TASK ITEM ->
The entries that follow must be given again exactly, with the pictures excluded.

SOURCE DATA ->
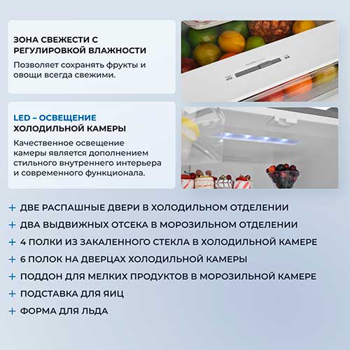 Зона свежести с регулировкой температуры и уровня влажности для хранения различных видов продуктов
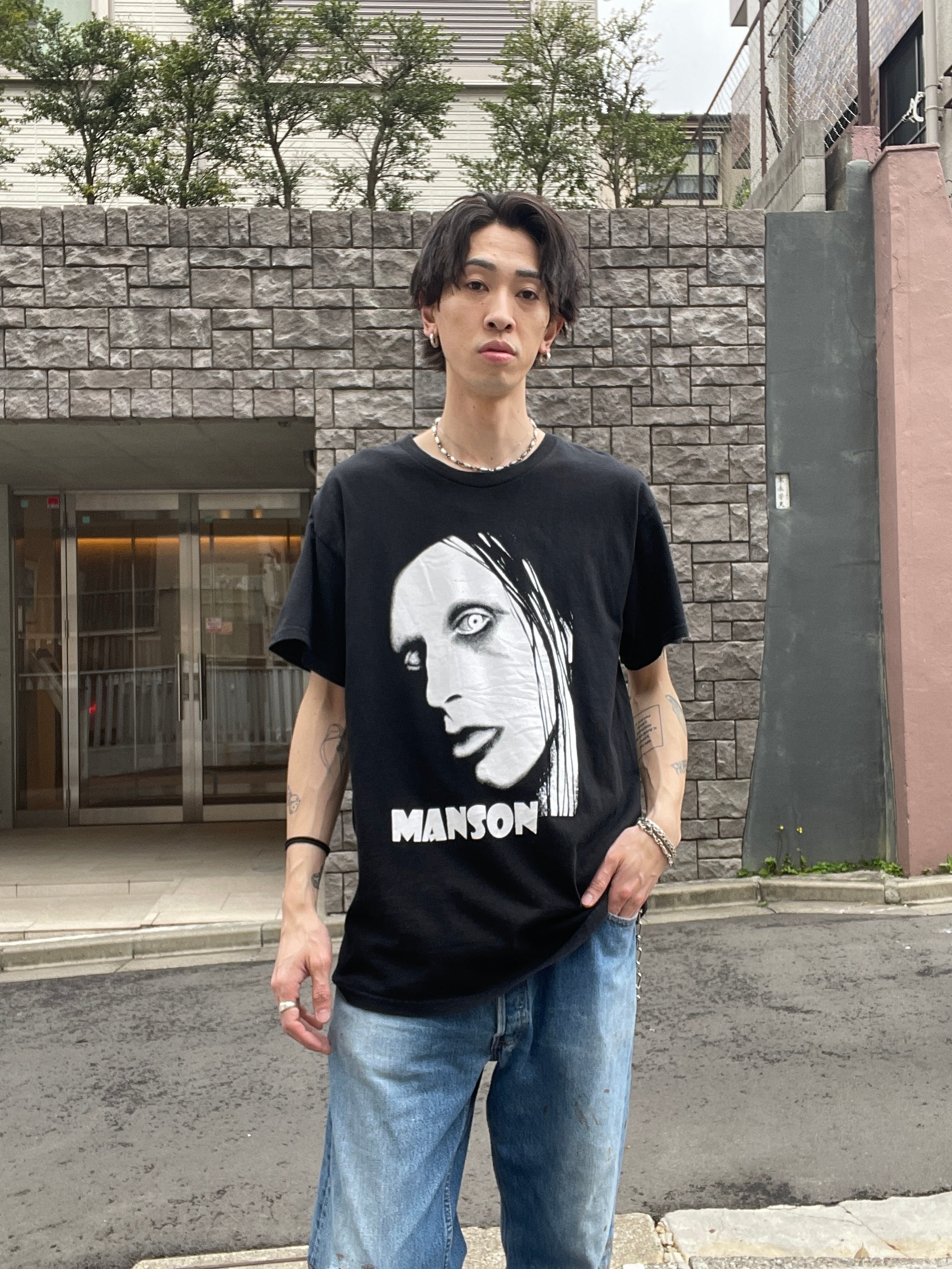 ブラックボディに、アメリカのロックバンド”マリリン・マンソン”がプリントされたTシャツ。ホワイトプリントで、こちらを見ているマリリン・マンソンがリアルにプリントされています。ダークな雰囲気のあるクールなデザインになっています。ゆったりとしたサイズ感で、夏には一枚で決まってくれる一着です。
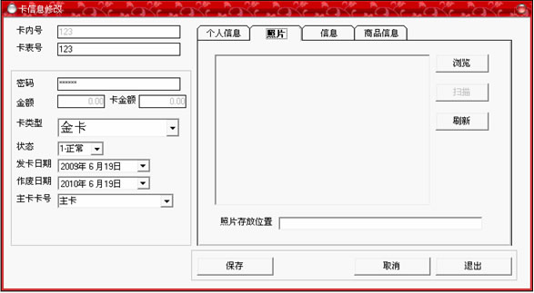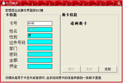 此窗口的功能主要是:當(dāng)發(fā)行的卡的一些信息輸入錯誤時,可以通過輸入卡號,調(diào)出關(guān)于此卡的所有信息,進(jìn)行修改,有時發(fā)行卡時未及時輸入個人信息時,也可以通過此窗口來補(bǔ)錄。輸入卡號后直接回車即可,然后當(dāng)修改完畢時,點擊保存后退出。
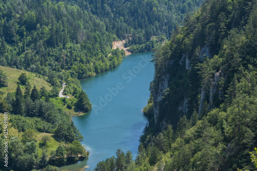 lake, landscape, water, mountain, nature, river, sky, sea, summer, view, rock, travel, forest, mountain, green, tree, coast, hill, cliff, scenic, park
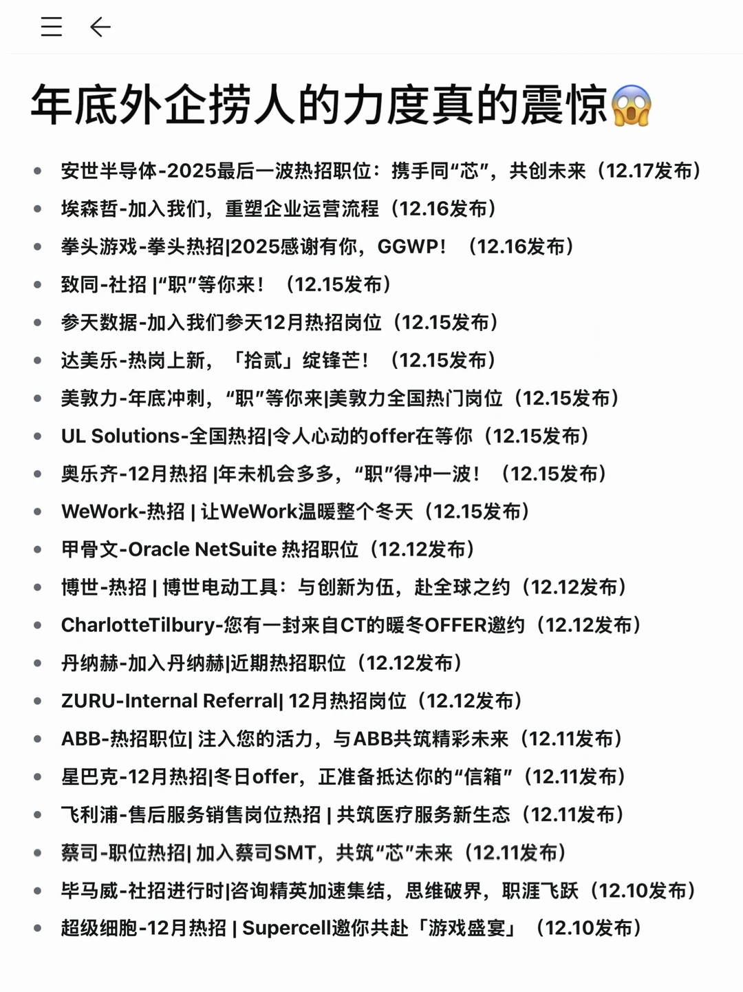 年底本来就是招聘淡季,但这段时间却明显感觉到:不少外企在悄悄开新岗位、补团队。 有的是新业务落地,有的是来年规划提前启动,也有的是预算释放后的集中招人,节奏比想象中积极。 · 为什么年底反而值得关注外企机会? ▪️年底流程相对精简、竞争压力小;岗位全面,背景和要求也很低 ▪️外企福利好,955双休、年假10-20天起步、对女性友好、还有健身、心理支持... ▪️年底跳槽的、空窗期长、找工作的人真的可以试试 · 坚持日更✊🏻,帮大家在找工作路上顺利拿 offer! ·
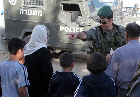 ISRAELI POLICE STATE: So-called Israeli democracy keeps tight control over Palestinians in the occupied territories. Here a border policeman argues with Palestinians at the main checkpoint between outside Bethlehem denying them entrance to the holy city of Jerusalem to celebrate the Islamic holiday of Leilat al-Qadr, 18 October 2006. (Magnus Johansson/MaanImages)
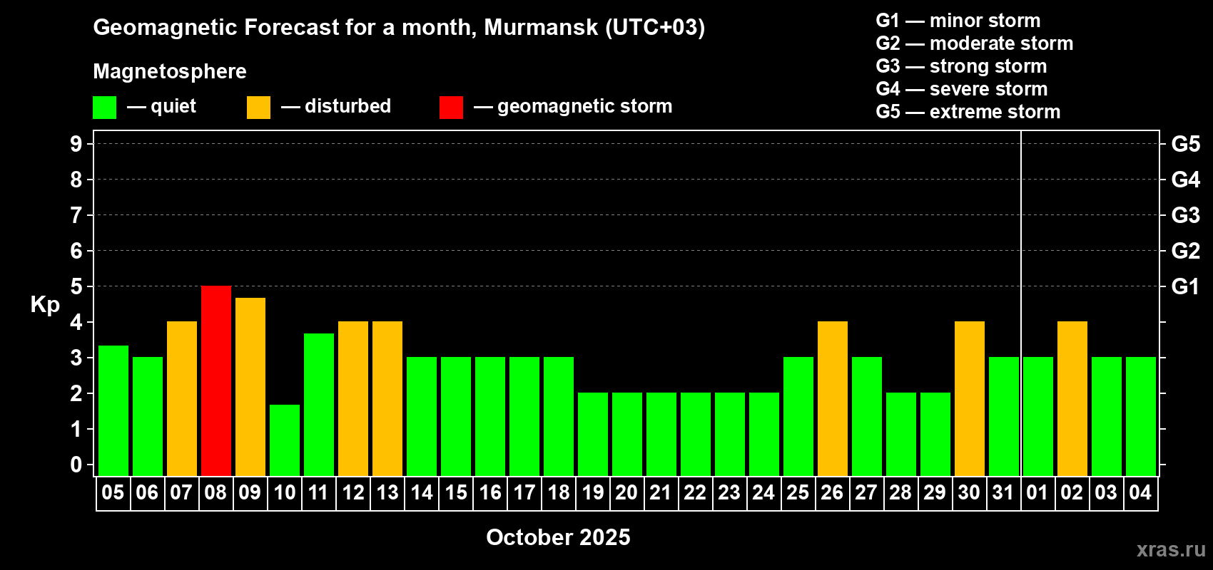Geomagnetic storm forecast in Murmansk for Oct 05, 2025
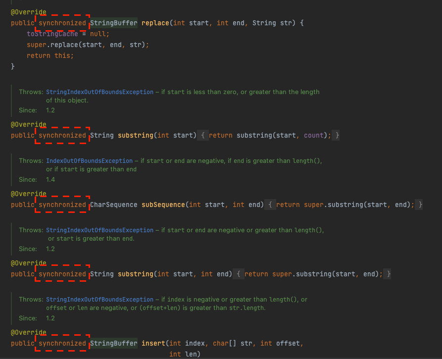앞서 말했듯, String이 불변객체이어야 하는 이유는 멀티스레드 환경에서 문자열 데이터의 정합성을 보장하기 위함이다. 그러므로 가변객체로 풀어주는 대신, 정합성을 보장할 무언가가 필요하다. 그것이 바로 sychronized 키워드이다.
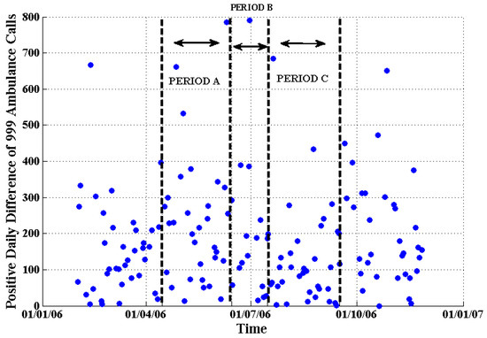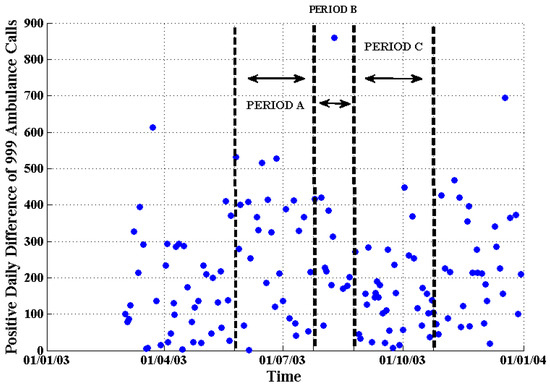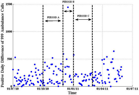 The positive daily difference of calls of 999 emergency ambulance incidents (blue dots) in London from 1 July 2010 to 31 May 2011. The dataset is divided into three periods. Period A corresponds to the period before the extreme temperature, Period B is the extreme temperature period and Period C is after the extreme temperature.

REPLY ->
 Зона свежести с регулировкой температуры и уровня влажности для хранения различных видов продуктов
 ブラックボディに、アメリカのロックバンド”マリリン・マンソン”がプリントされたTシャツ。ホワイトプリントで、こちらを見ているマリリン・マンソンがリアルにプリントされています。ダークな雰囲気のあるクールなデザインになっています。ゆったりとしたサイズ感で、夏には一枚で決まってくれる一着です。
 此窗口的功能主要是:當(dāng)發(fā)行的卡的一些信息輸入錯誤時,可以通過輸入卡號,調(diào)出關(guān)于此卡的所有信息,進(jìn)行修改,有時發(fā)行卡時未及時輸入個人信息時,也可以通過此窗口來補(bǔ)錄。輸入卡號后直接回車即可,然后當(dāng)修改完畢時,點擊保存后退出。
 lake, landscape, water, mountain, nature, river, sky, sea, summer, view, rock, travel, forest, mountain, green, tree, coast, hill, cliff, scenic, park
 年底本来就是招聘淡季,但这段时间却明显感觉到:不少外企在悄悄开新岗位、补团队。 有的是新业务落地,有的是来年规划提前启动,也有的是预算释放后的集中招人,节奏比想象中积极。 · 为什么年底反而值得关注外企机会? ▪️年底流程相对精简、竞争压力小;岗位全面,背景和要求也很低 ▪️外企福利好,955双休、年假10-20天起步、对女性友好、还有健身、心理支持... ▪️年底跳槽的、空窗期长、找工作的人真的可以试试 · 坚持日更✊🏻,帮大家在找工作路上顺利拿 offer! ·
 ISRAELI POLICE STATE: So-called Israeli democracy keeps tight control over Palestinians in the occupied territories. Here a border policeman argues with Palestinians at the main checkpoint between outside Bethlehem denying them entrance to the holy city of Jerusalem to celebrate the Islamic holiday of Leilat al-Qadr, 18 October 2006. (Magnus Johansson/MaanImages)
Geomagnetic storm forecast in Murmansk for Oct 05, 2025
앞서 말했듯, String이 불변객체이어야 하는 이유는 멀티스레드 환경에서 문자열 데이터의 정합성을 보장하기 위함이다. 그러므로 가변객체로 풀어주는 대신, 정합성을 보장할 무언가가 필요하다. 그것이 바로 sychronized 키워드이다.
 The positive daily difference of calls of 999 emergency ambulance incidents (blue dots) in London from 1 July 2010 to 31 May 2011. The dataset is divided into three periods. Period A corresponds to the period before the extreme temperature, Period B is the extreme temperature period and Period C is after the extreme temperature.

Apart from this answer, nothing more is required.